:: What this task involves ::
Transcribe all the records exactly and omit any images they hold.

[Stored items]
***
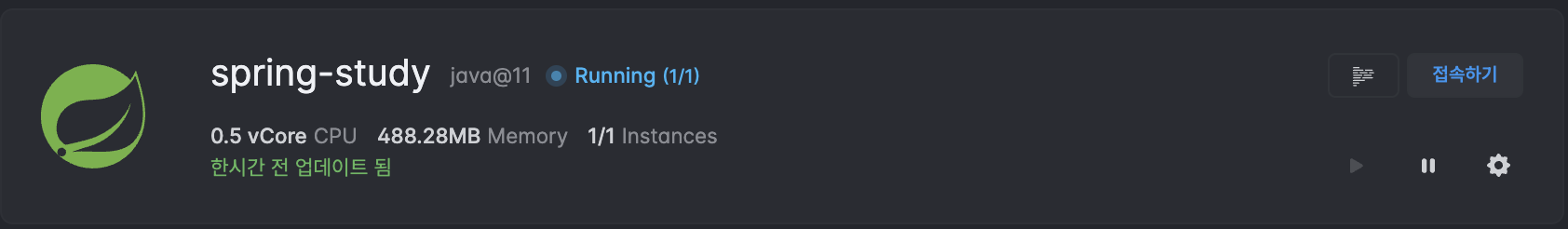 해당 배포가 완료되면 다음과 같이 접속하기가 파란색버튼으로 변경됩니다. 접속하기를 누르면 배포된 서버를 확인할 수 있습니다.
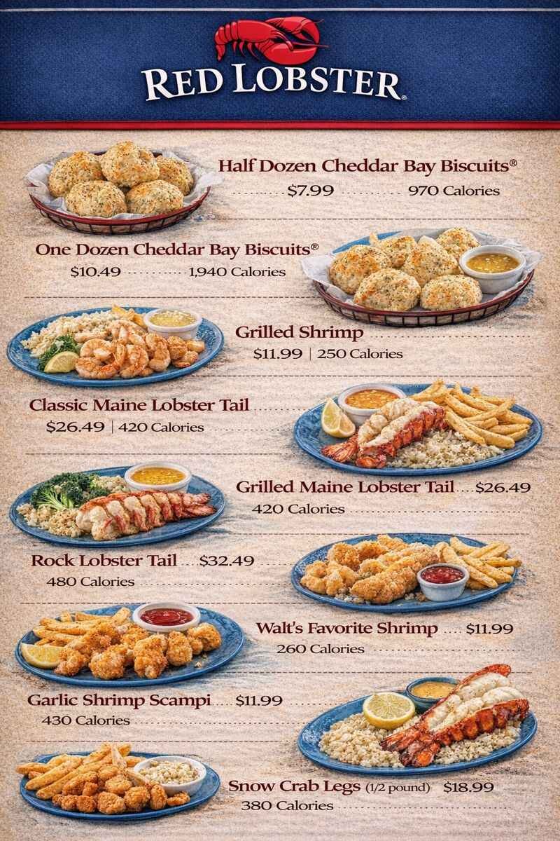 Red Lobster’s Cheddar Bay Biscuits are one of the brand’s most famous items, known for their soft, flaky texture, sharp cheddar cheese, and garlic-herb butter topping. They are served unlimited and free with every dine-in entrée, making them a big part of the Red Lobster experience.
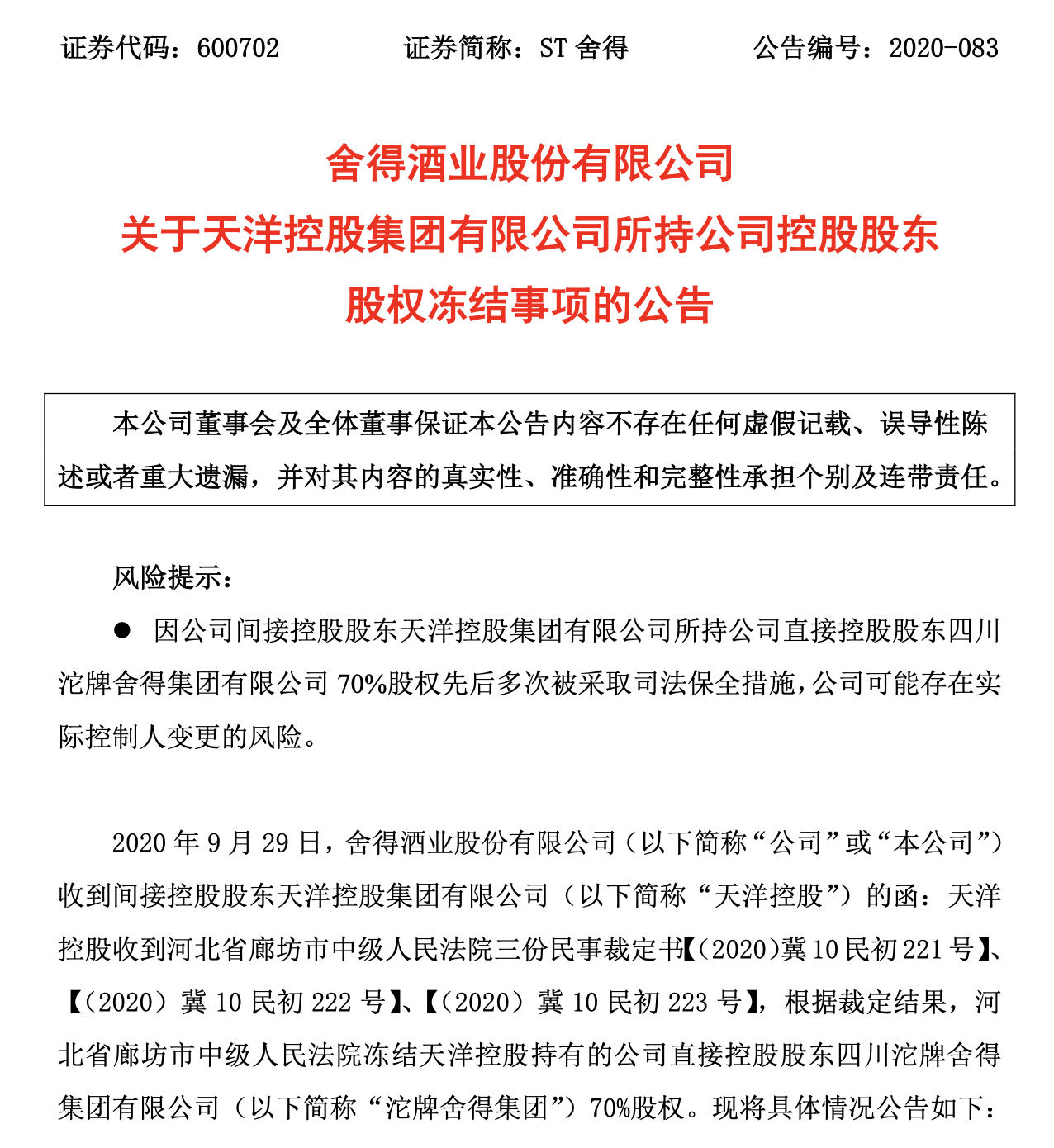 9月15日,中国建设银行股份有限公司廊坊分行因与天洋控股的债权债务事项,向河北省廊坊市中级人民法院申请对天洋控股采取诉前财产保全措施,河北省廊坊市中级人民法院经审查后,裁定对天洋控股持有沱牌舍得集团70%的股权予以冻结。
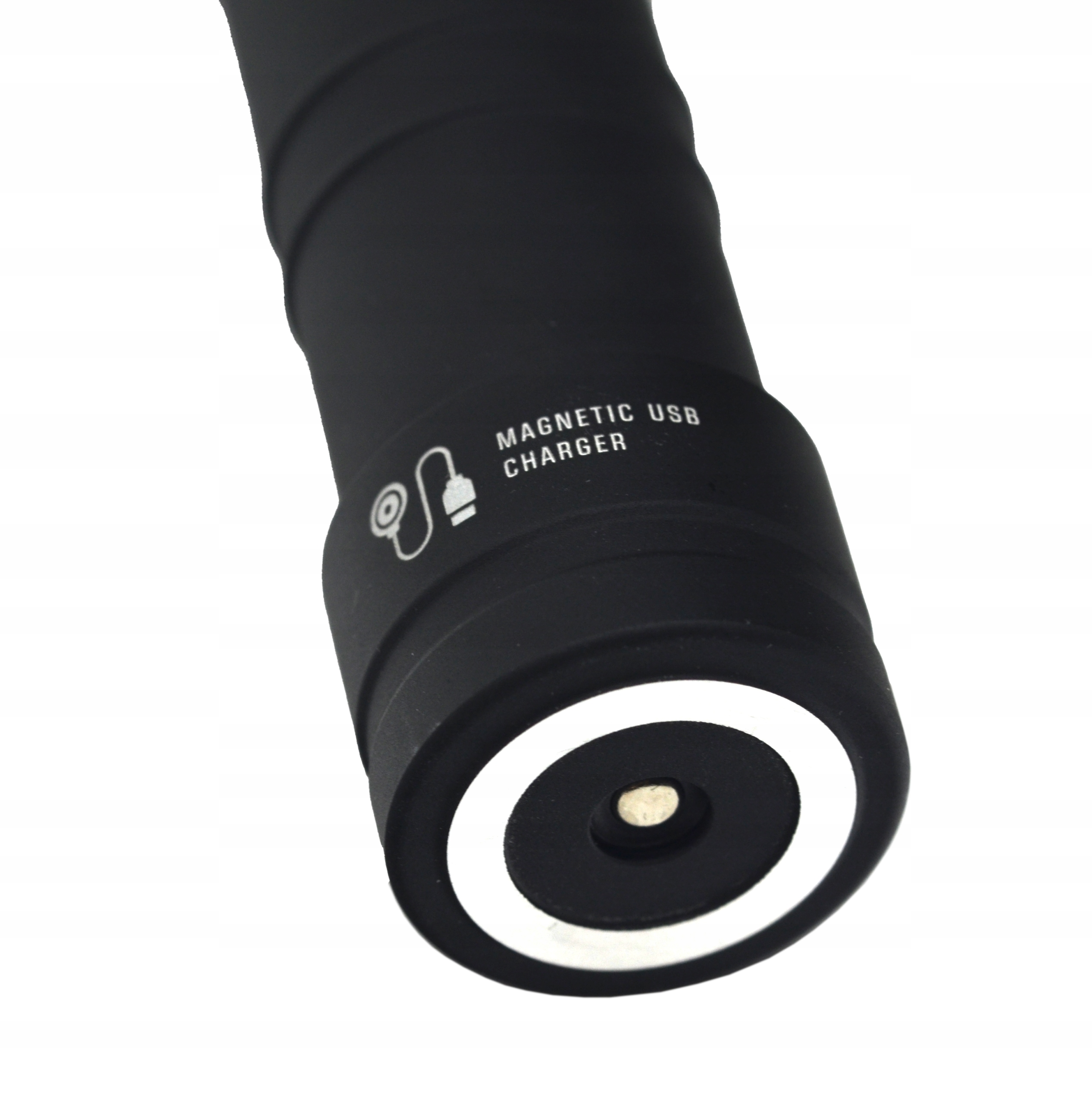 - Щоб зарядити: Відкрутіть задню кришку ліхтарика на 1/4 оберту та під’єднайте його за допомогою магнітного зарядного пристрою.
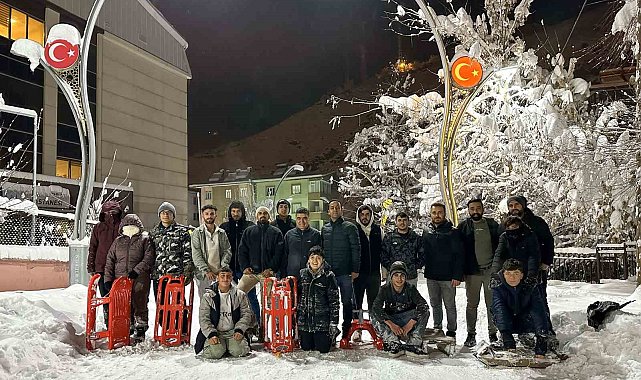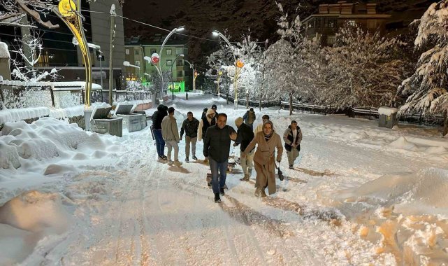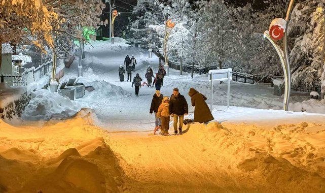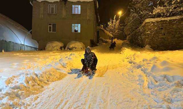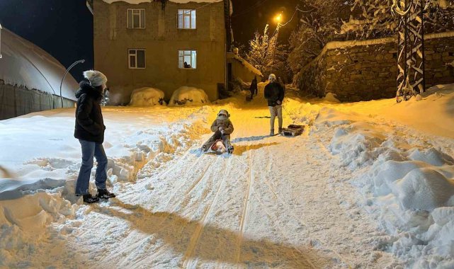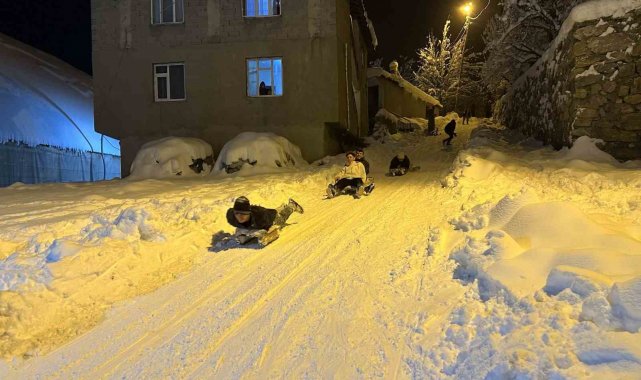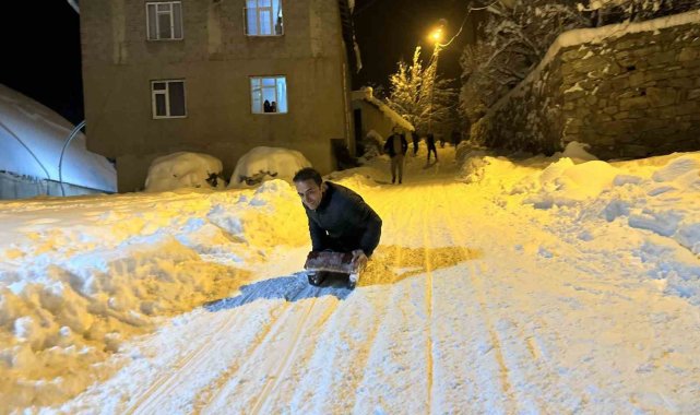 Van'ın Çatak ilçesinde etkili olan yoğun kar yağışı nedeniyle okulların il genelinde tatil edilmesini fırsata çeviren öğrenciler, kızaklarıyla gece geç saatlere kadar kayarak karın keyfini çıkardı.
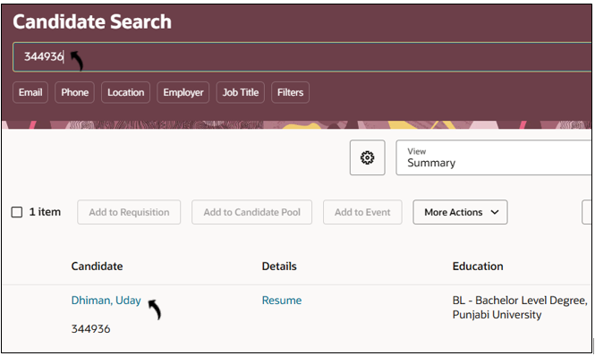 Once the candidate details are updated, you can view the candidate details in
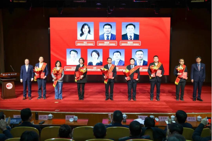 大会举行了隆重的表彰及聘任仪式。赵万东、范九利共同为享受国务院政府特殊津贴专家汪世荣教授颁发荣誉证书并佩戴绶带。赵万东、汪世荣与全国模范教师、校学术委员会副主任刘进田,分别为马朝琦(陕西省三秦英才特支计划哲学社会科学和文化艺术领域领军人才)、刘润泽(陕西省三秦英才引进计划青年项目入选者)、李锋(陕西省中青年科技领军人才)、李丹丹及徐海俊(陕西省青年科技新星)、边晓宏(全国“敬老爱老助老模范人物”称号获得者)、舒洪水(陕西省“十大法治人物”称号获得者)等7位省级以上人才称号及荣誉获得者颁发荣誉证书、佩戴绶带,向2位新聘专业技术二级岗位教师颁发聘书。范九利和陕西省师德标兵、“陕西省黄大年式教师团队”负责人王瀚教授共同为14位新聘专业技术三级岗位教师、教授职称教师颁发聘书。
***
:: Task solution ::
 해당 배포가 완료되면 다음과 같이 접속하기가 파란색버튼으로 변경됩니다. 접속하기를 누르면 배포된 서버를 확인할 수 있습니다.
 Red Lobster’s Cheddar Bay Biscuits are one of the brand’s most famous items, known for their soft, flaky texture, sharp cheddar cheese, and garlic-herb butter topping. They are served unlimited and free with every dine-in entrée, making them a big part of the Red Lobster experience.
 9月15日,中国建设银行股份有限公司廊坊分行因与天洋控股的债权债务事项,向河北省廊坊市中级人民法院申请对天洋控股采取诉前财产保全措施,河北省廊坊市中级人民法院经审查后,裁定对天洋控股持有沱牌舍得集团70%的股权予以冻结。
 - Щоб зарядити: Відкрутіть задню кришку ліхтарика на 1/4 оберту та під’єднайте його за допомогою магнітного зарядного пристрою.
 Van'ın Çatak ilçesinde etkili olan yoğun kar yağışı nedeniyle okulların il genelinde tatil edilmesini fırsata çeviren öğrenciler, kızaklarıyla gece geç saatlere kadar kayarak karın keyfini çıkardı.
 Once the candidate details are updated, you can view the candidate details in
 大会举行了隆重的表彰及聘任仪式。赵万东、范九利共同为享受国务院政府特殊津贴专家汪世荣教授颁发荣誉证书并佩戴绶带。赵万东、汪世荣与全国模范教师、校学术委员会副主任刘进田,分别为马朝琦(陕西省三秦英才特支计划哲学社会科学和文化艺术领域领军人才)、刘润泽(陕西省三秦英才引进计划青年项目入选者)、李锋(陕西省中青年科技领军人才)、李丹丹及徐海俊(陕西省青年科技新星)、边晓宏(全国“敬老爱老助老模范人物”称号获得者)、舒洪水(陕西省“十大法治人物”称号获得者)等7位省级以上人才称号及荣誉获得者颁发荣誉证书、佩戴绶带,向2位新聘专业技术二级岗位教师颁发聘书。范九利和陕西省师德标兵、“陕西省黄大年式教师团队”负责人王瀚教授共同为14位新聘专业技术三级岗位教师、教授职称教师颁发聘书。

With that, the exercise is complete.